The bikini and board short classes are now a sad necessary evil for the fed as they bring valued income to a fed that was needing cash flow. Body builders are the back bone of the fed but they don't put as many bums on seats as the Hawaiian tropic girls and guys.

A full line up of 20+ bikini girls, 20+ board short guys = big money.

It's a necessary evil as it keeps ticket prices low, venues booked every year and not cancelled etc. Hard core gyms are great to train in but rely on joe average to keep it viable and running as a good business, no different IMO.

I don't agree with bikini "girls"' loose term as there is some right old hags in there now and again, sticking out their ass, spreading the legs and pushing the shrivelled dehydrated gooch out but the fed rewards it.

Most of the board short guys could compete as a classic or an under 80kg competitor but they prefer THAT look of styled hair, posing like crabs with the non clenched fist bicep poses.

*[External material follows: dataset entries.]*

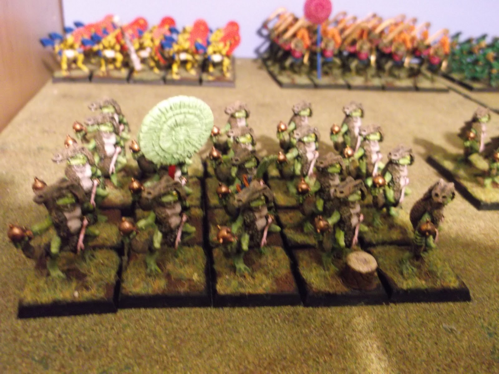 For those interested, they produced two types of miniature for the Alligator warrior. The One on the left has a plain back, whereas the one of the right (who makes up the whole of my smaller Alligator regiment) has an intrigal fin on the back. This is not a convertion but a seperate type.
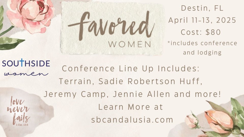 Gather together with Southside Women of all ages for the Favored Women Retreat. Held in Destin Florida, we'll spend 2 nights in beautiful homes within walking distance of the beach! Conference Line Up includes Terrian, Margaret Feinberg, Sadie Robertson Huff, Jeremy Camp, Allison Speer, Jennie Allen, Favored Worship and more!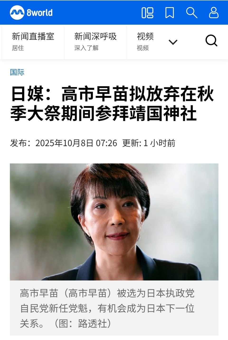 日媒:高市早苗拟放弃在秋季大祭期间参拜靖国神社。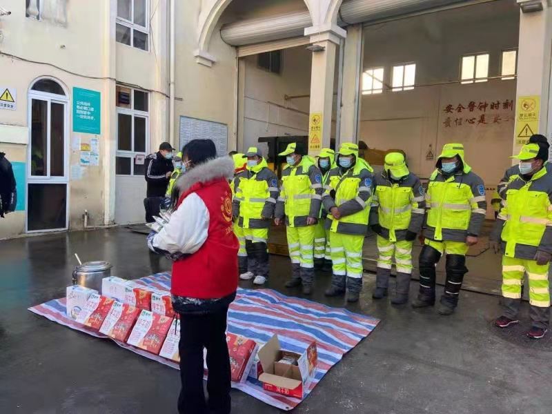 市北区总工会在做好城市困难职工解困脱困工作的基础上,进一步推进工会送温暖常态化、经常化、日常化,把工会组织的关怀与温暖及时送到千家万户,市北区总工会联合友客便利连锁管理有限公司、 山东橡胶谷物业管理有限公司在户外劳动者驿站开展“寒冬送温暖·情暖至人心”慰问活动,工会志愿者们为户外一线劳动者送上姜汤、热奶等物品,让广大户外劳动者在寒冬中也能感受到工会“娘家人”的关怀。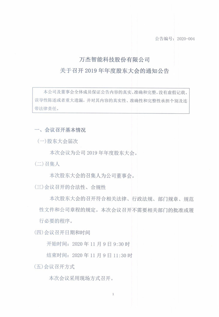 萬杰智能關(guān)于召開2019年年度股東大會的通知公告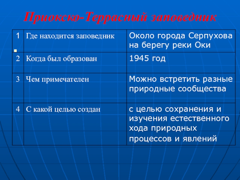 Ильменский заповедник 3. Приокско-террасный заповедник 4. Кандалакшский заповедник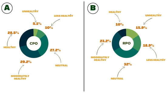 When asked how healthy respondents considered CPO, the majority declared it healthy or moderately healthy. However, less than half of the participants thought of RPO in this way. This reflects the participants’ good understanding of these oils, as they comprehend that refining CPO makes it somewhat less healthy. This process leads to a reduction in carotenoids, vitamin E, and sterols, as well as the formation of compounds that can pose health risks, such as chloropropanols like 3-MCPD, 2-MCPD, and glycidol.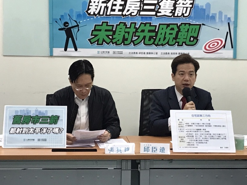 【台灣醒報記者簡嘉佑台北報導】政院又祭房市三箭,恐盲目撒幣無益房市!行政院預計於16日提出「新住宅政策三箭」,民眾黨總召邱臣遠15日召開記者會指出,房租漲幅創26年新高、房價居高不下,顯見蔡政府2016的房市三箭已落空,政策不該只是盲目補貼撒錢。立委張其祿呼籲,中央應儘快制定《平均地權條例》子法,推動囤房稅,並加速社宅建設。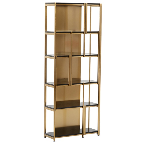 現代輕奢香檳金不銹鋼書(shū)架_不銹鋼書(shū)架書(shū)柜金屬制品圖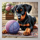 Un mignon chiot doberman jouant avec une boule de fils colorée sur un tapis à motifs. Le décor dégage chaleur et charme, et vous invite à passer un moment de divertissement dans un cadre chaleureux et familial.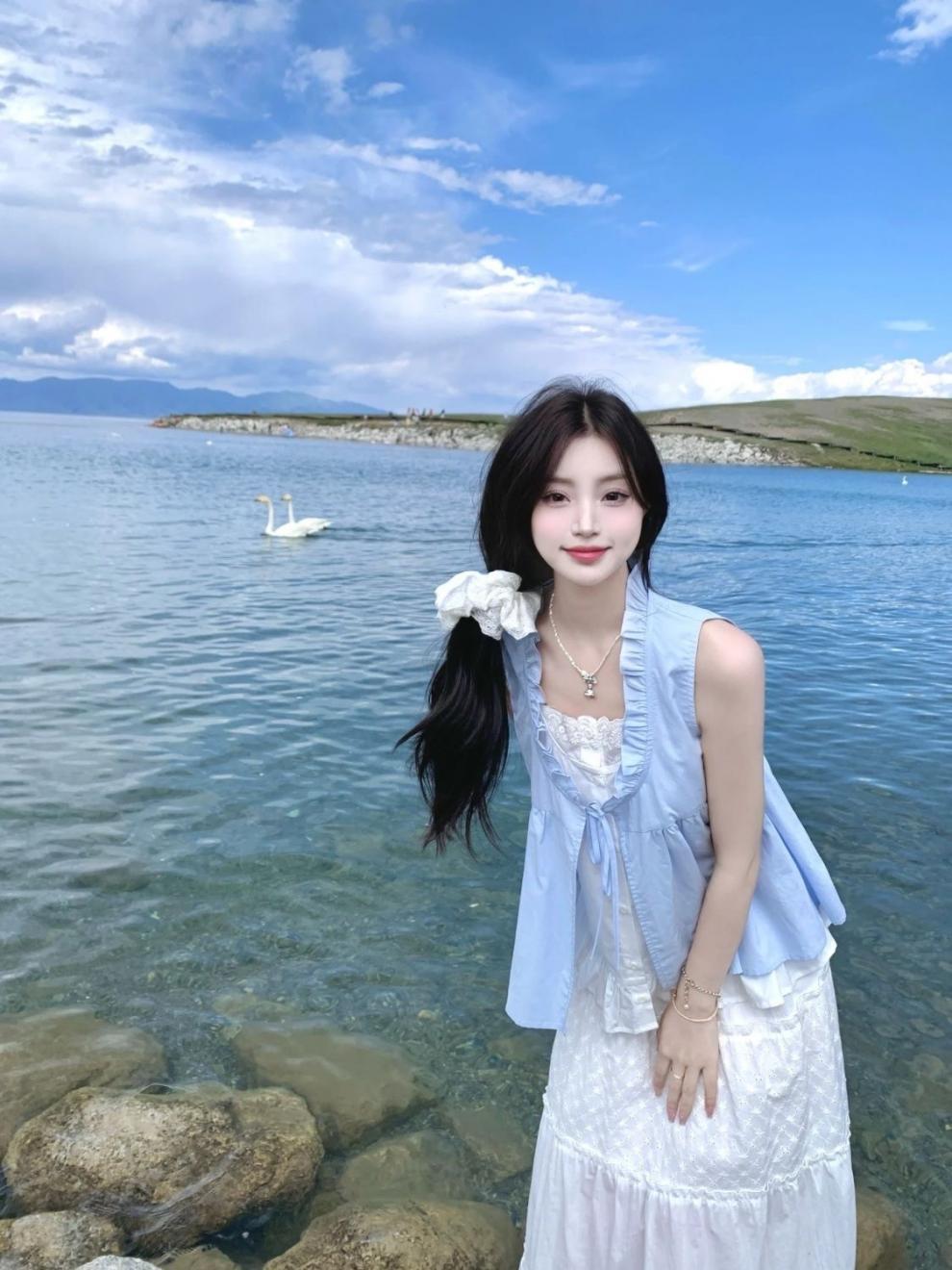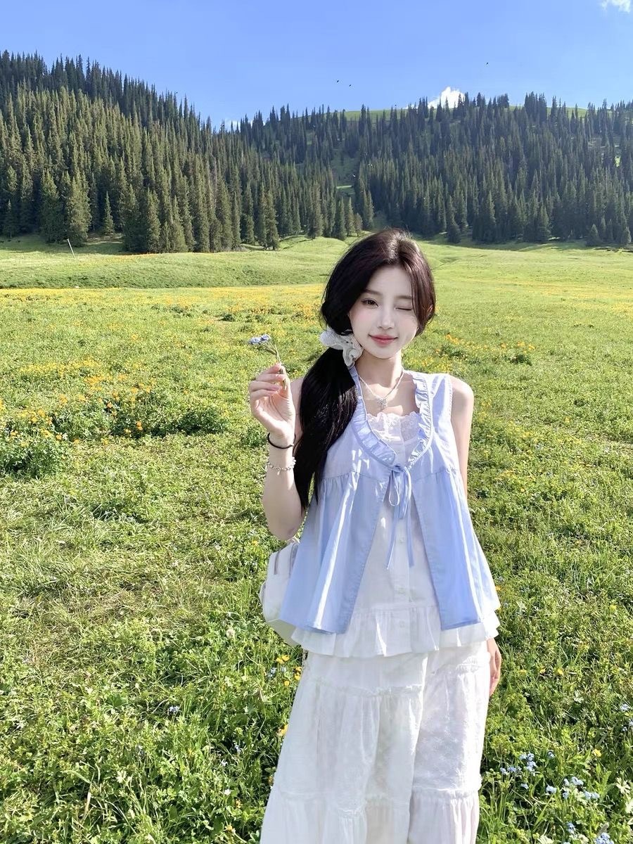 세트 여성 2025 년 여름 새로운 달콤하고 부드러운 스타일 디자인 Ruffled 가짜 투피스 탑 하이 허리 스커트

Meh, to each his own....

Money talks and sadly, these classes bring big money, hence the rewarding of pro cards this year, pumping out more bikini girls and guys to the Arnold's than real body builders and all these posing classes.

Sent from my iPad using Tapatalk


----------



## crazycal1 (Sep 21, 2005)

[email protected], shrivelled gooch


----------



## TheTransporter (Jan 30, 2014)

Its gud to see thers something for poofs, ballet dancers and football plaaers when they giv up footie


----------